It is important for us, Europe and the wider western world that we get Brexit right. This is not the time for instability or uncertainty. All sides must put thoughts of punishment firmly behind them. If we are to avoid the fall out of an acrimonious divorce we must all raise our sights.

We should enter into negotiations with a mindset focussed, not just on ending a past relationship, but also on building our future relationship. I believe the vast majority of people across the European Union and the United Kingdom want to find a mature and pragmatic approach.
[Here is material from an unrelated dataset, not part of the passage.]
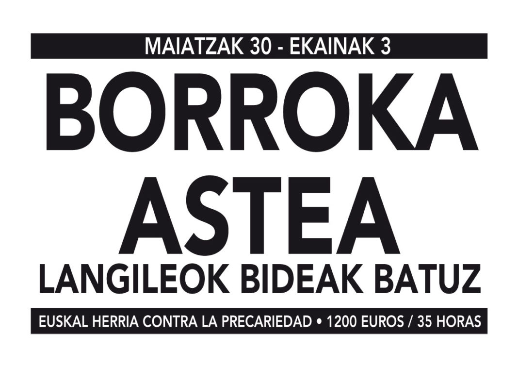 Ante los ataques y los recortes que vienen del Estado español y francés y de los Gobiernos de aquí hemos elegido la vía de la confrontación, estamos luchando a favor de un marco socioeconómico vasco y avanzamos hacia un nuevo modelo basado en el reparto del trabajo y de la riqueza. Estamos recorriendo este camino gracias a la fuerza y la movilización de la clase trabajadora.

What kind of partnership do we want to see in 10–20 years between the United Kingdom and the European Union? That is the partnership we need to start building today.

The Micro-Context

Whilst the geopolitical macro-economic context must be kept firmly in mind, we must also fully understand the micro-economic dimension and consider how the agreement will impact on the ordinary day-to-day lives of individuals and businesses across our country and indeed our continent.

In the past few months, I have been criss-crossing the United Kingdom and Europe; meeting local and national businesses, universities, and voluntary sector organisations. As Chairman of the European Parliament’s single market committee, I have met politicians all across the European Union. I have listened to their ideas, their concerns, their advice, and their thoughts about what the future relationship between the United Kingdom and the European Union might look like.

I would like to share some of these thoughts with you.

The Need for Unity

A key consideration must be how we bring our country together on this issue. Whilst 52%, of those who voted, voted to leave, 100% of the country is leaving. The decision has been taken. But the terms of our departure are yet to be set and will be determined by an ongoing debate.

This debate needs to unify the whole country and forge a new national consensus both about our own future and our future relationship with our European friends and allies.

I am aware as I stand here in Edinburgh today that a majority of voters in Scotland voted to remain in the European Union. In my own county of Cambridgeshire, the southern half, around the City of Cambridge and the knowledge cluster voted 70/30 remain but the northern half, in the Fenland area dominated by farming and food production, people voted 70/30 leave. Just as my own county was split, so was the result across the whole of the United Kingdom. We need a spirit of reconciliation to work for an agreement that delivers the referendum result voted for by the majority but also reassures the minority.

All my conversations with leaders across Europe reinforce my belief that we are talking about one agreement.

Tonight, it would not be appropriate for me to stray into Scottish politics, but it does appear to me that there is no interest – and indeed in some countries there is active hostility – about any kind of arrangement that would treat certain parts of the United Kingdom differently from the rest.

As many of our partners in Europe have stated, there was one UK-wide referendum with a result for the whole country.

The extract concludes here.